How Nature Inspires
From Photography to Surface Design: How Nature Inspires My Creative Process
For most of my life, I rarely went anywhere without a camera.
Whether I was traveling across the country, exploring a state park, visiting a botanical garden, or simply taking a walk close to home, my camera was always nearby. Over the years, that habit resulted in a collection of more than 50,000 photographs.

Many of those images are duplicates. Some are slightly different angles of the same flower. Others capture the same landscape under different lighting conditions. Some are close-up studies of texture, while others step back to reveal the broader scene.

Every so often, I set aside time to organize and clean up my photo library. What always surprises me is how often a photograph stops me in my tracks. A single image can instantly bring back memories of where I was, who I was with, what season of life I was experiencing, and even how the air smelled that day.
What may appear to be a duplicate photograph often tells a completely different story.
One image might capture the soft glow of early morning light. Another might reveal details in the bark of a tree that I missed at first glance. A third might focus on a single wildflower while the others highlight the entire meadow. Each photograph preserves a unique moment and a unique perspective.
Years later, when I discovered the world of surface pattern design, I realized that many of the things I loved most about photography translated naturally into design.

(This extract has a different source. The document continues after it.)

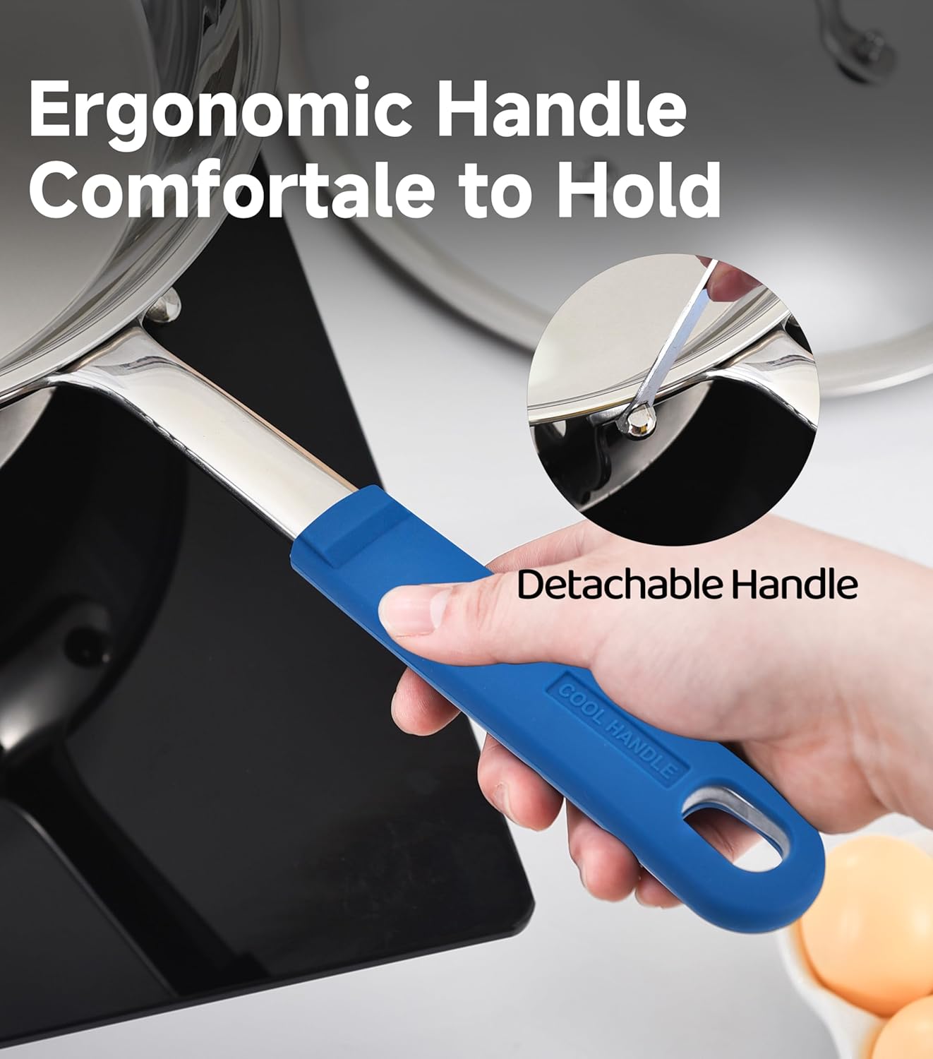 - 【KITCHEN PARTNER】The skillet equipped with a detachable stainless steel solid handle features a heat-resistant silicone sleeve to reduce heat transfer, making sure you don’t get burned while cooking. The clear lid stays on tight, making it easy to monitor your meals at all times.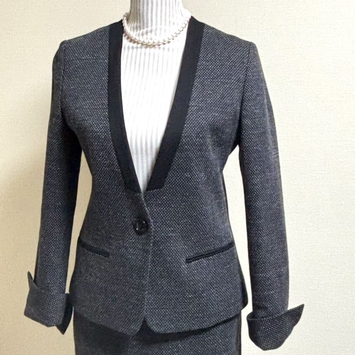 スタイリッシュでシルエットの綺麗なツイードスーツ ジャケット&スカート セットアップスーツです

Photography taught me to notice details. Details that become patterns. Details that inspire color. More importantly, it taught me to pay attention to texture, color, contrast, shape, and composition. It encouraged me to slow down and observe the natural world more carefully. Those same skills now influence every collection I create.
Most of my designs begin with something I have photographed. Sometimes it's the delicate structure of a leaf. Other times it's the texture of weathered tree bark, the shape of wildflowers growing along a trail, or the colors found in a mountain landscape.
The goal isn't always to recreate the photograph exactly. In fact, I rarely recreate the photos.
Instead, I use those images as inspiration. A photograph may inspire a repeating pattern, a decorative motif, or a design intended for home décor products such as throw pillows, tea towels, fabric, wallpaper, and other items that bring a touch of nature indoors.
What I love most about both photography and surface design is that they encourage us to look more closely at the world around us.
The details that many people walk past every day—the veins in a leaf, the texture of bark, the movement of grasses in the wind, the colors hidden within a wildflower—often become the starting point for a new creative idea.
In many ways, my photography collection has become more than a library of memories. It has become an ongoing source of inspiration that continues to shape my work as a designer.
Every photograph tells a story.
Sometimes that story remains a photograph.
And sometimes it becomes a pattern that finds its way into a home.